- Location of Turney, Missouri
- Coordinates: 39°38′15″N 94°19′16″W﻿ / ﻿39.63750°N 94.32111°W
- Country: United States
- State: Missouri
- County: Clinton

Area
- • Total: 0.46 sq mi (1.20 km^{2})
- • Land: 0.46 sq mi (1.20 km^{2})
- • Water: 0 sq mi (0.00 km^{2})
- Elevation: 1,047 ft (319 m)

Population (2020)
- • Total: 114
- • Density: 245.5/sq mi (94.77/km^{2})
- Time zone: UTC-6 (Central (CST))
- • Summer (DST): UTC-5 (CDT)
- ZIP code: 64493
- Area code: 816
- FIPS code: 29-74176
- GNIS feature ID: 2400009

= Turney, Missouri =

Turney is a village in Clinton County, Missouri and is part of the Kansas City metropolitan area within the United States. The population was 114 at the 2020 census.

==History==
Turney was laid out in 1869, and named after Thomas E. Turney, a state politician. A post office called Turney has been in operation since 1895.

==Geography==
According to the United States Census Bureau, the village has a total area of 0.46 sqmi, all land.

==Demographics==

Historical population
| Census | Pop. | Note | %± |
| 1880 | 93 |  | — |
| 1890 | 163 |  | 75.3% |
| 1900 | 186 |  | 14.1% |
| 1910 | 212 |  | 14.0% |
| 1920 | 212 |  | 0.0% |
| 1930 | 205 |  | −3.3% |
| 1940 | 175 |  | −14.6% |
| 1950 | 152 |  | −13.1% |
| 1960 | 144 |  | −5.3% |
| 1970 | 142 |  | −1.4% |
| 1980 | 379 |  | 166.9% |
| 1990 | 155 |  | −59.1% |
| 2000 | 155 |  | 0.0% |
| 2010 | 148 |  | −4.5% |
| 2020 | 114 |  | −23.0% |
U.S. Decennial Census

===2010 census===
As of the census of 2010, there were 148 people, 64 households, and 36 families residing in the village. The population density was 321.7 PD/sqmi. There were 73 housing units at an average density of 158.7 /sqmi. The racial makeup of the village was 99.3% White and 0.7% Native American. Hispanic or Latino of any race were 0.7% of the population.

There were 64 households, of which 31.3% had children under the age of 18 living with them, 45.3% were married couples living together, 6.3% had a female householder with no husband present, 4.7% had a male householder with no wife present, and 43.8% were non-families. 39.1% of all households were made up of individuals, and 11% had someone living alone who was 65 years of age or older. The average household size was 2.31 and the average family size was 3.06.

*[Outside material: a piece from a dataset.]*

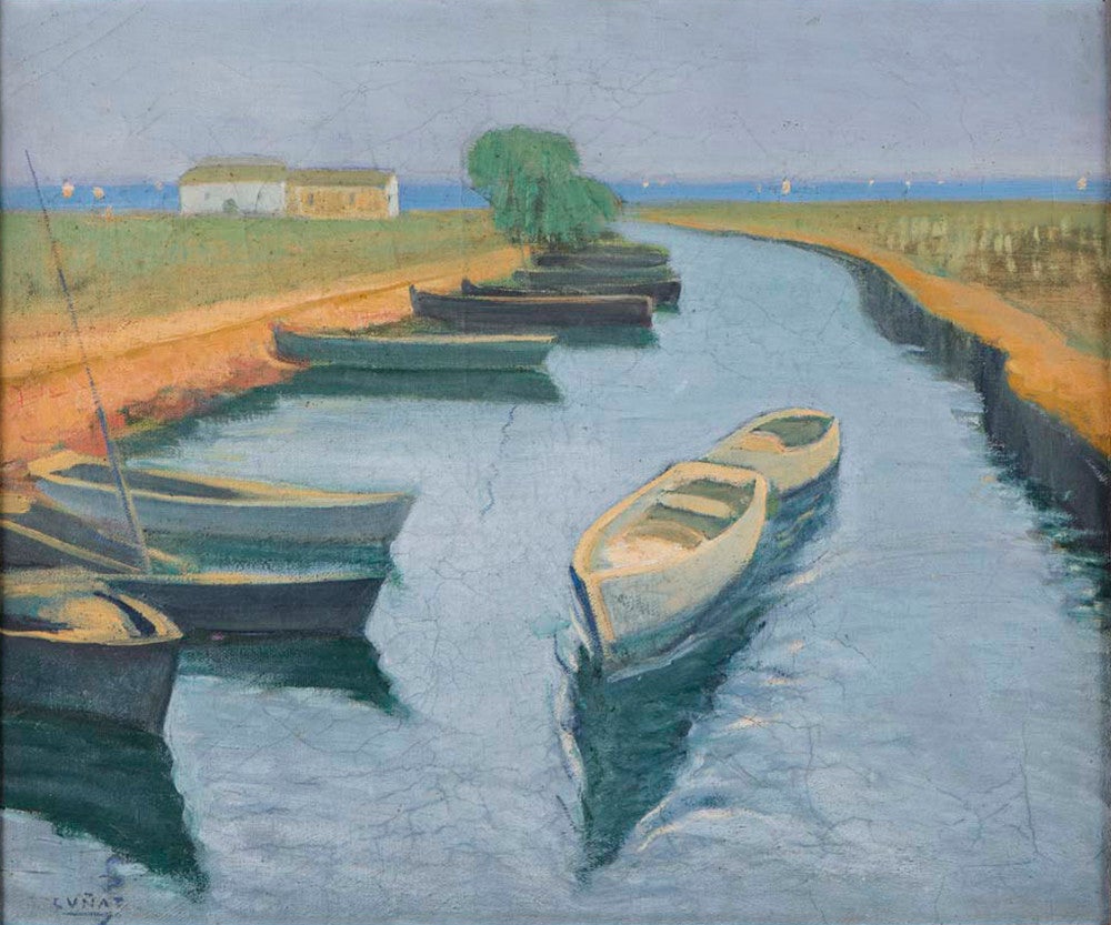 Un paratge sobre el qual trobem en la mostra una altra obra molt posterior: Canal de l’Albufera, d’Enrique Cuñat (València, 1883 – 1959), un pintor qualificat de paisatgista peculiar per la voluntat d’allunyar-se de l’òrbita de Joaquín Sorolla. I que ho va fer, apunta David Gimilio, curador de Més Museu, “enfrontant-se al paisatge des d’una perspectiva nova, amb alguns enquadraments arriscats, distanciant-se de la llum exuberant i mediterrània, atenuada amb el color”. Un color que “Cuñat usa amb discreció, amb subtilitat”. El 1925, el periodista Artur Perucho (Borriana, 1902 – Mèxic DF, 1956), amb motiu d’una exposició de Cuñat al vestíbul del Teatre Principal de la seua ciutat, escrivia a El Pueblo: “Domina –¡todavía!– la tendencia sorollista en nuestros jóvenes pintores; tendencia que, por la fama de su magnífico iniciador, da muchas facilidades de éxito a los que la siguen. Pues bien; Enrique Cuñat va contra la corriente, no es sorollista, acaso no quiere serlo. Ha heredado de Sorolla lo legítimo: la rebeldía, no la visión ni la técnica. Por eso sus cuadros saben a cosa nueva, selecta, pura y nos producen una sensación que ninguna otra pintura nos supo dar”. I, el 1928, al catàleg de l’exhibició conjunta de Vicent Mulet i Enrique Cuñat a les Galeries Laietanes de Barcelona, hi deia: “Tots dos es caracteritzen pel seu afany de defugir les llums violentes i enlluernadores, grates a l’escola de Sorolla. I així, naturalment, els ha fet esdevenir pintors d’una més fina sensibilitat, per tal com els obliga a matisar d’una manera més suau i delicada que no els que pinten paisatges a ple sol –aquell sol de l’horta valenciana que esborra els contorns i no deixa veure els detalls de les coses” (citat per Josep M. Palomero en Estudi biogràfic i literari d’Artur Perucho, 2015). El 1931, Cuñat va començar a participar en les exposicions de la Sala Blava, un espai creat el 1929 al carrer Redempció, a prop de la Universitat, amb la intenció de promocionar els moviments artístics que rebutjaven l’academicisme. Un espai que aplegava el nucli renovador valencià i on es duien a terme conferències i reunions a les quals assistien, entre altres, Josep Renau, Manuela Ballester, Tonico Ballester, Rafael Pérez Contel, Maria Labrandero, Max Aub, Juan Gil-Albert i Francesc Almela i Vives. En aquest mateix centre, s’hi va fundar llavors l’Agrupació Valencianista Republicana. Cuñat, afiliat a la CNT, durant la Guerra Civil, va col·laborar en els treballs dels tallers gràfics de l’Aliança d’Intel·lectuals Antifeixistes i va dissenyar nombrosos cartells per a la CNT-FAI.

The median age in the village was 38.8 years. 25.7% of residents were under the age of 18; 4% were between the ages of 18 and 24; 31% were from 25 to 44; 25.1% were from 45 to 64; and 14.2% were 65 years of age or older. The gender makeup of the village was 55.4% male and 44.6% female.

===2000 census===
As of the census of 2000, there were 155 people, 62 households, and 48 families residing in the village. The population density was 325.9 PD/sqmi. There were 74 housing units at an average density of 155.6 /sqmi. The racial makeup of the village was 95.48% White, 0.65% African American, 1.29% Native American, 1.29% from other races, and 1.29% from two or more races. Hispanic or Latino of any race were 0.65% of the population.

There were 62 households, out of which 27.4% had children under the age of 18 living with them, 61.3% were married couples living together, 12.9% had a female householder with no husband present, and 21.0% were non-families. 17.7% of all households were made up of individuals, and 6.5% had someone living alone who was 65 years of age or older. The average household size was 2.50 and the average family size was 2.71.

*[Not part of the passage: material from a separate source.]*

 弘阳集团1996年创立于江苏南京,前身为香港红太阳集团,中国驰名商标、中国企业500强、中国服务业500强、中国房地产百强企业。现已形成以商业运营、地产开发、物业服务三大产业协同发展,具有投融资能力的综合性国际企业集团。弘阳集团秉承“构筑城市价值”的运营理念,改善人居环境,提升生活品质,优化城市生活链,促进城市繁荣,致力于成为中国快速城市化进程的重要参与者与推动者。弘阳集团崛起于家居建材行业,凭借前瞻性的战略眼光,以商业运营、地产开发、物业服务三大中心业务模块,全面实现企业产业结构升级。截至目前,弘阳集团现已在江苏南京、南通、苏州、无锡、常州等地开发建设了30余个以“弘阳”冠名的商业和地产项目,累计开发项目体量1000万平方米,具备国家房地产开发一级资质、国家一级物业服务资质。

In the village, the population was spread out, with 25.2% under the age of 18, 5.2% from 18 to 24, 31.6% from 25 to 44, 21.9% from 45 to 64, and 16.1% who were 65 years of age or older. The median age was 38 years. For every 100 females, there were 106.7 males. For every 100 females age 18 and over, there were 90.2 males.

The median income for a household in the village was $36,528, and the median income for a family was $36,429. Males had a median income of $24,583 versus $20,536 for females. The per capita income for the village was $14,221. About 6.0% of families and 9.6% of the population were below the poverty line, including 17.9% of those under the age of eighteen and none of those 65 or over.

==Education==
The school district is the Lathrop R-II School District.